Stored items from a collection
== Segment start ==

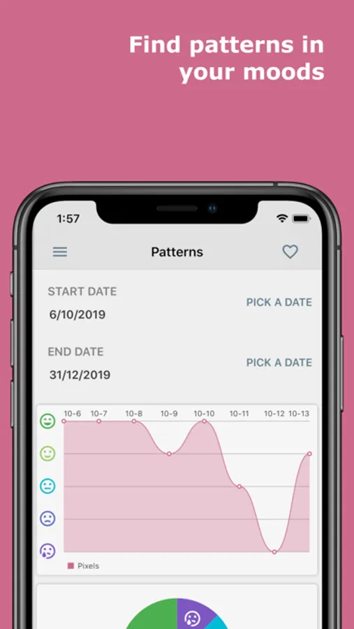 Get insights and statistics of your mental health with its “Patterns” feature: examine your data with graphs and other analytics tools!
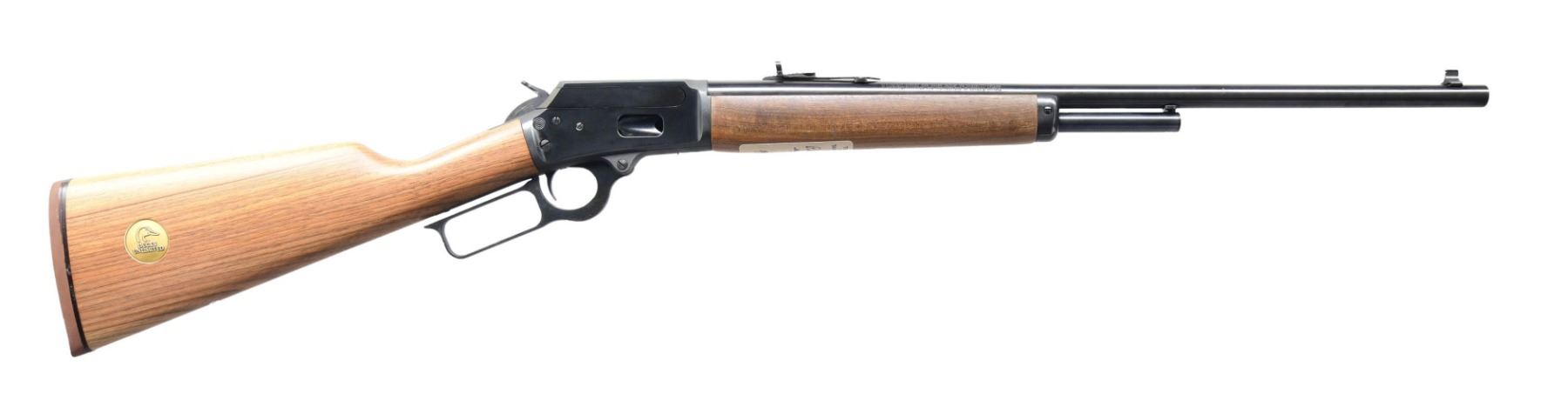 Cal. 25-20. S# 10065596. Bbl. 22". Gold bead front sight. Adjustable sporting-style rear sight. Blued finish. Crossbolt safety. JM-marked bbl. Plain walnut stock and forend with factory rubber buttpad. Underside of the forend has a Marlin factory test sticker. Right side of butt has a gold-colored Ducks Unlimited disc. CONDITION: stock set shows some light handling wear; other aspects are near excellent. (24-3210/MJC). MODERN. $400-600.
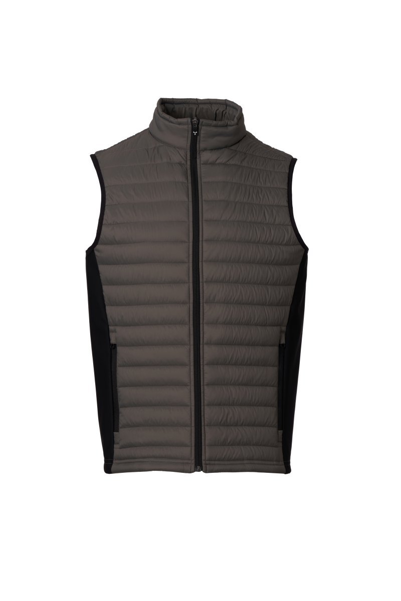 Jelek i mbushur (120g/m²) për burra, ijët me soft-shell, mbyllje me zinxhir plastik me kokë metalike "gjysmë-autolock" e tërheqëse koke të personalizuar. Dy xhepa anësorë me zinxhirë.
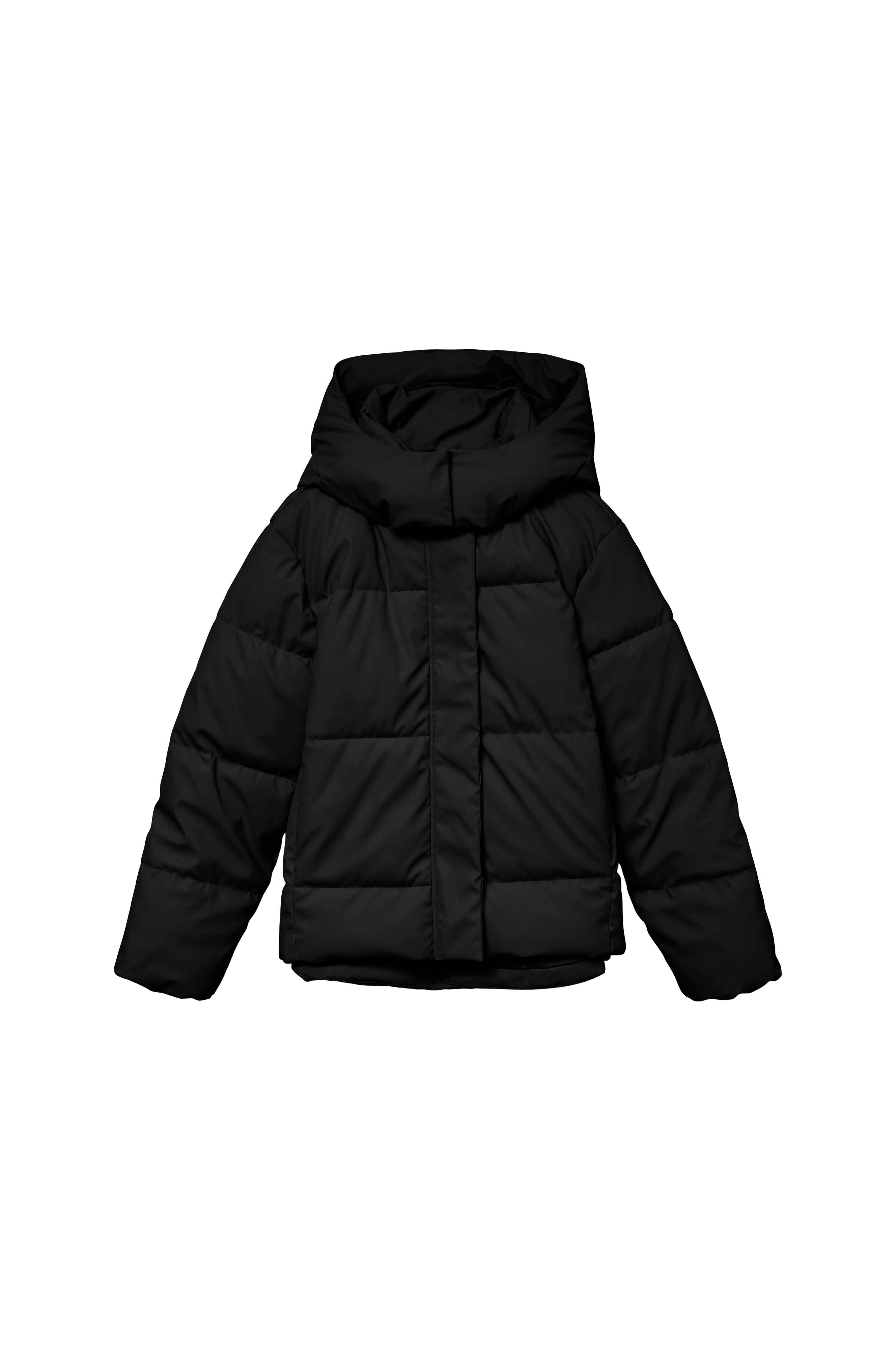 • Vadderad, vattenavvisande jacka med coatad yta • Hög krage med huva • Dragkedjestängning med vindslå och tryckknappar • Dolda dragkedjefickor i sidorna • Något längre baksida med rundad nederkant • Invändig dragsko med stopper i nederkanten • Vävt innerfoder • Längd: 66 cm i storlek S
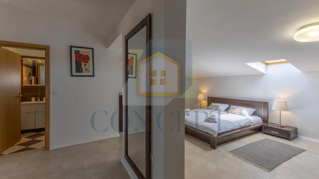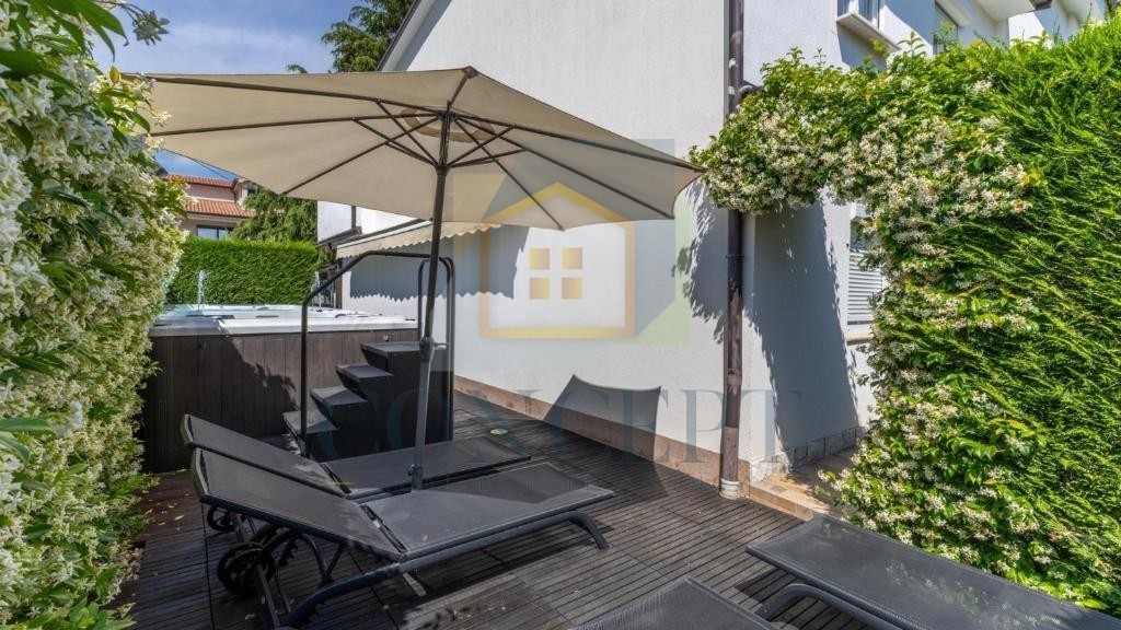 Elegantes Einfamilienhaus mit einer Fläche von 365 m², gelegen auf einem Grundstück von 530 m², in einer begehrten Wohngegend der Stadt Poreč, nur 800 m vom Meer entfernt. Das Haus erstreckt sich über drei Etagen.

== Segment end ==

● Activity
Please restate the lines above exactly, starting at the first line of the data and stopping at the line containing "Jelek i mbushur", which is included. Omit pictures.

● Task answer
 Get insights and statistics of your mental health with its “Patterns” feature: examine your data with graphs and other analytics tools!
 Cal. 25-20. S# 10065596. Bbl. 22". Gold bead front sight. Adjustable sporting-style rear sight. Blued finish. Crossbolt safety. JM-marked bbl. Plain walnut stock and forend with factory rubber buttpad. Underside of the forend has a Marlin factory test sticker. Right side of butt has a gold-colored Ducks Unlimited disc. CONDITION: stock set shows some light handling wear; other aspects are near excellent. (24-3210/MJC). MODERN. $400-600.
 Jelek i mbushur (120g/m²) për burra, ijët me soft-shell, mbyllje me zinxhir plastik me kokë metalike "gjysmë-autolock" e tërheqëse koke të personalizuar. Dy xhepa anësorë me zinxhirë.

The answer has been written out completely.